Who won the Democratic Debate, night one? I’ll tell you in a bit, but first, some commentary on the debate itself.

I was very impressed with the first round (of two) of Democratic debates on Wednesday evening.

Photo by Joe Raedle/Getty Images

 I liked hearing Warren’s response to gun issues — her insistence on using research to develop an answer on what we can do on the topic will appeal to centrists as well as progressives in the party.

It was wonderful hearing candidates like Julian Castro and Beto O’Rourke speak in Spanish as well as in English, to demonstrate American inclusiveness and reject fear-based politics espoused by President Donald Trump.

Discussion on immigration, and the recognition of the sometimes deadly outcomes that migrants are facing as well as incredible hardships children are dealing with due to the administration’s policies, was spirited, emotional, and important.

And commentary about how this economy is doing well — for the wealthy elites, but not for the average citizen — had me clapping my hands toward my television screen.

Were there people who won or lost? Perhaps. And I wasn’t happy with every answer that candidates gave.

Yet the one issue that bothered me during the debate itself, which was not the fault of any candidate who took part in it, was the pace with which it moved at.

There wasn’t much that could be done about that — with 10 candidates onstage, movement from one question to the next, topic-to-topic, at a faster-than-usual pace was necessary.

However, the limitations of the program don’t change the fact that there was a glaring problem with it. Call me old-fashioned, but I like debates that allow me a second or two to think about what I just heard from a candidate. We can’t get that from a debate platform where there’s 10 people trying their hardest to stand out.

How does this get resolved? Some of the candidates on that stage need to be honest with themselves and ask: ‘do I belong on this debate stage, or could my talents be better used elsewhere, either with the office or position I presently hold or by seeking higher office elsewhere?’ The DNC will also be taking steps in the next debate to winnow the field a bit — steps that will probably help in the long-run, but could also do a disservice to candidates who deserve to be heard from.

But 10 candidates is just too much. And while I’m looking forward to hearing what the other 10 have to say on Thursday night, I’m also going to ready my ibuprofen bottle ahead of the second round of the debate, to deal with the impending headache that the format and pacing will inevitably create for the second night in a row.

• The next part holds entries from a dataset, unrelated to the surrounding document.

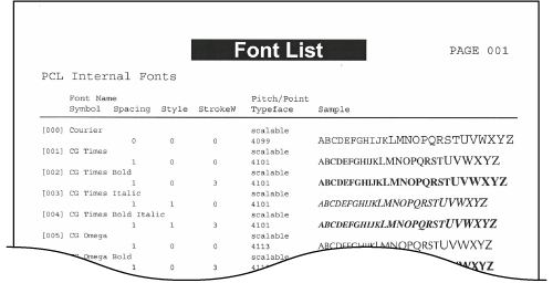 Vous pouvez consulter sous forme de liste les polices de caractères disponibles en mode PS.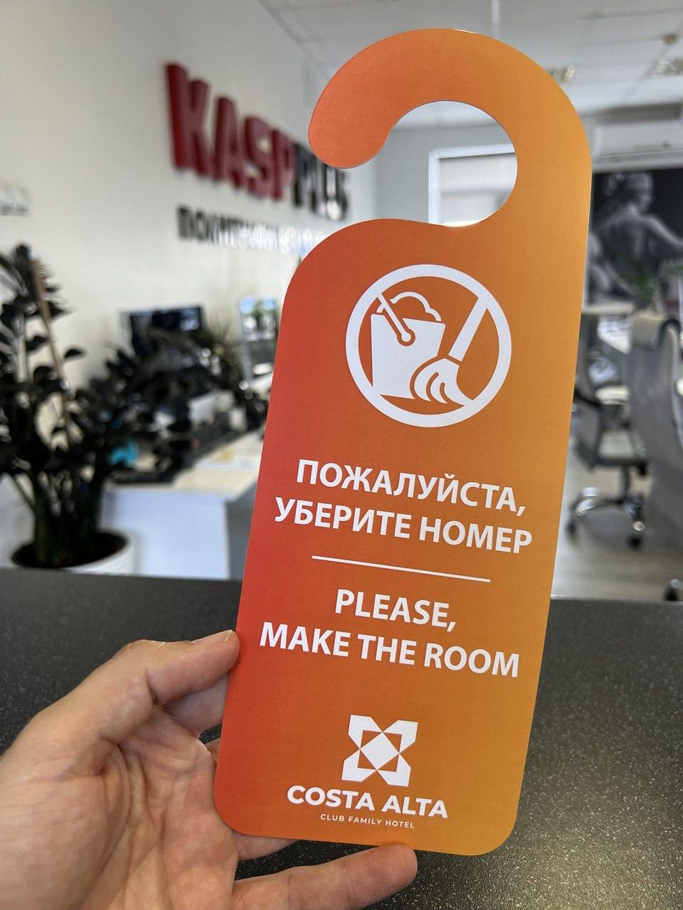 Дверные рекламные хенгеры идеально подходят для гостиниц, жилых комплексов и офисных зданий. В отелях используют таблички “не беспокоить/уберите в номере” с логотипом, акциями для постояльцев. Также хэнгеры отлично подходят для выставок, конференций и собраний.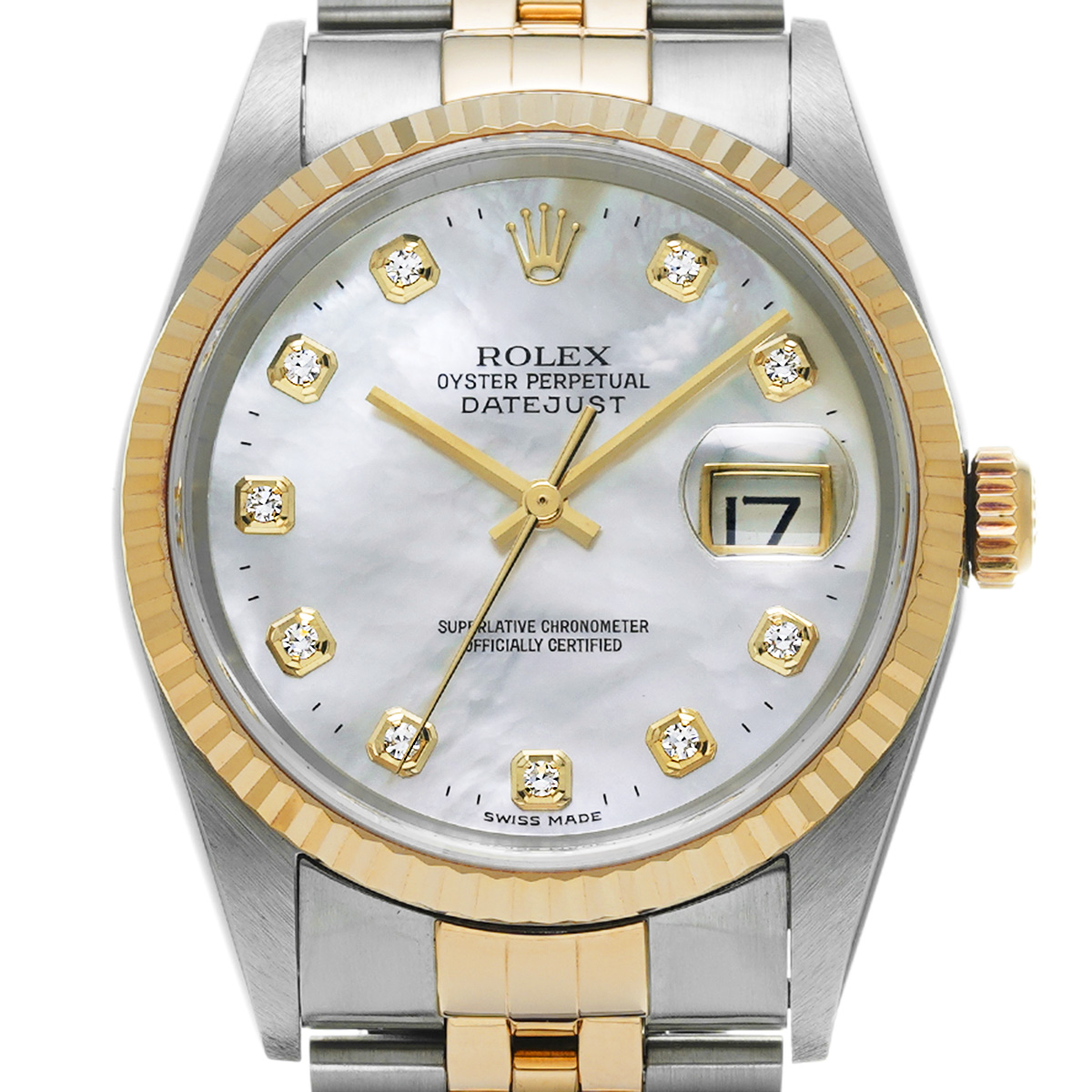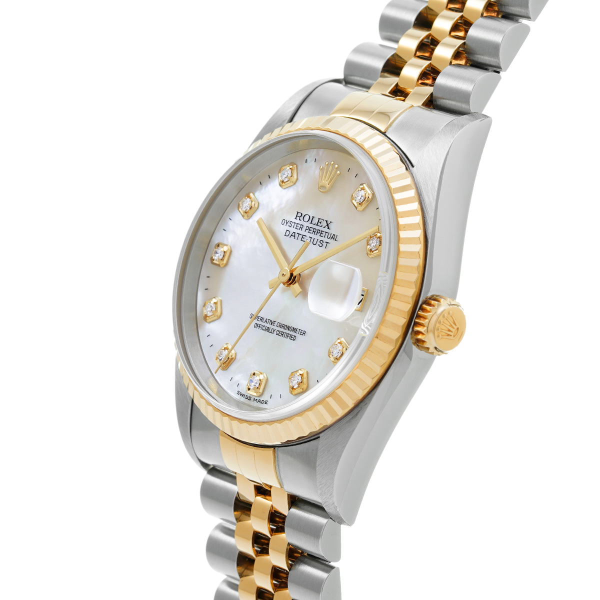 ロレックス デイトジャスト 16233NG ホワイトシェル/ダイヤモンド メンズ 時計 【中古】【wristwatch】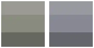 For artists, most pigments and papers have a cool or warm cast, as the human eye can detect even a minute amount of saturation. Gray mixed with yellow, orange, or red is a "warm gray". Green, blue, or purple create "cool grays". Note that this sense of temperature is the reverse of that of real temperature; bluer is described as "cooler" even though it corresponds to a higher-temperature black body.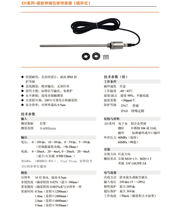 EHM系列微型磁致伸縮位移傳感器油缸位移傳感器內(nèi)置磁環(huán)式液位計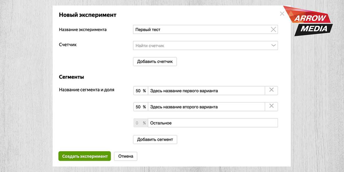 В настройках каждой кампании необходимо привязать соответствующий сегмент «Эксперимента».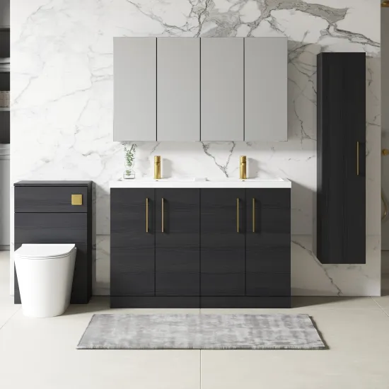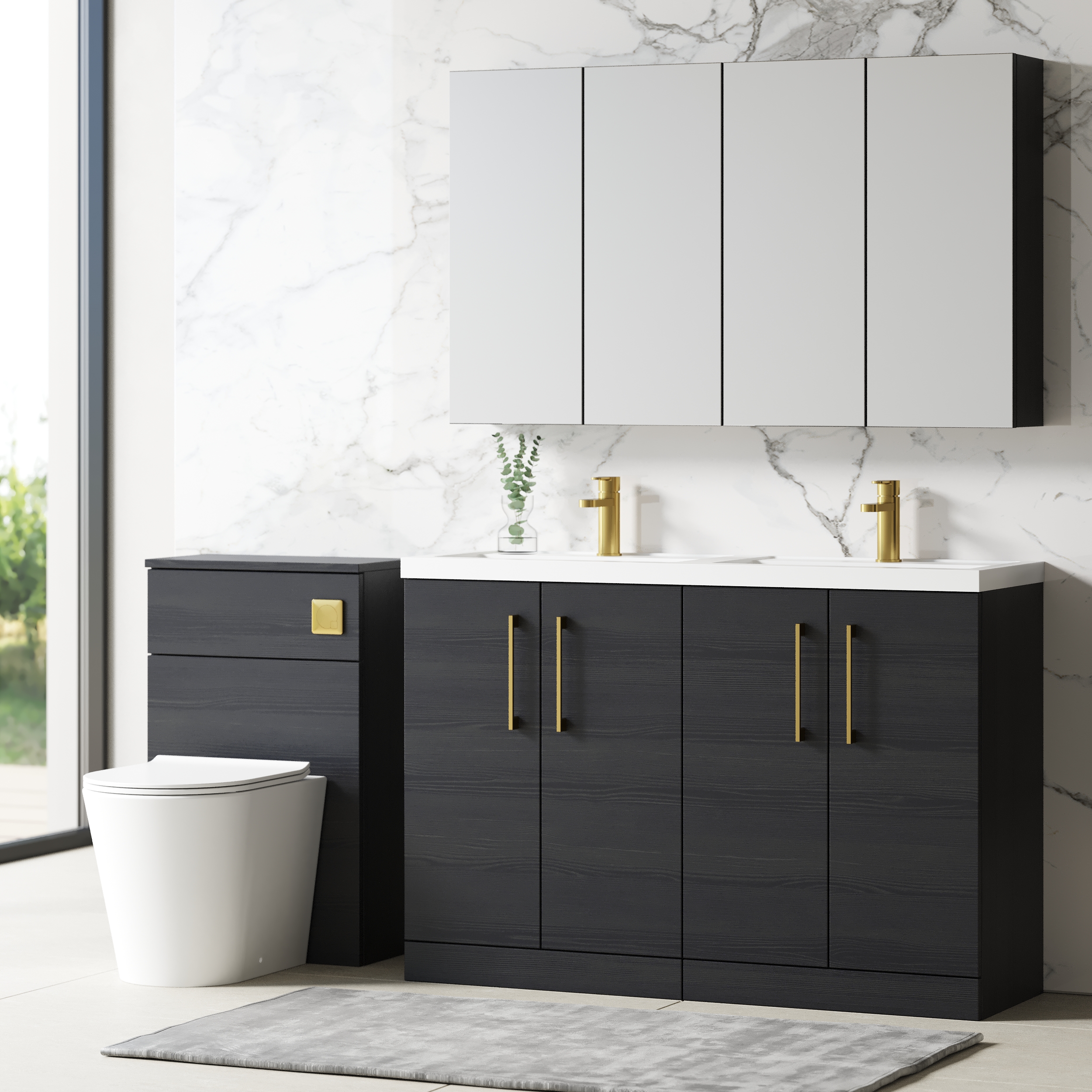 Nuie Arno 1200mm Floor Standing 4 Door Vanity & Double Basin 1 - Black Woodgrain

OK, so who do I think won? Here’s my quick analysis of who won, who improved, and who had a surprising loss at the debate. Some will agree, others will vehemently disagree:

Elizabeth Warren. Warren’s big moment was calling gun deaths in the United States a health crisis. But she avoided what many top tier candidates have done in the past: making a mistake in her remarks (on that topic and others) that could have hurt her chances moving forward. I felt like, if you had to pick a winner on Wednesday, she’s the one.

Julian Castro. The former HUD Secretary improved his status after Wednesday night’s debate. His remarks were spirited but thoughtful for the Democratic base, and we shouldn’t expect him to be dropping out anytime soon. Nor should he: after hearing him speak, many Americans likely want to hear more from him.

Beto O’Rourke. The former Congressman from Texas who came close to unseating Republican Sen. Ted Cruz last year disappointed, in my mind, during the debate in Miami. Speaking in Spanish was impressive and smart, but he didn’t have any memorable moments beyond that. His performance was lacking, when it needed to be invigorating for him to be considered a top-tier candidate once again.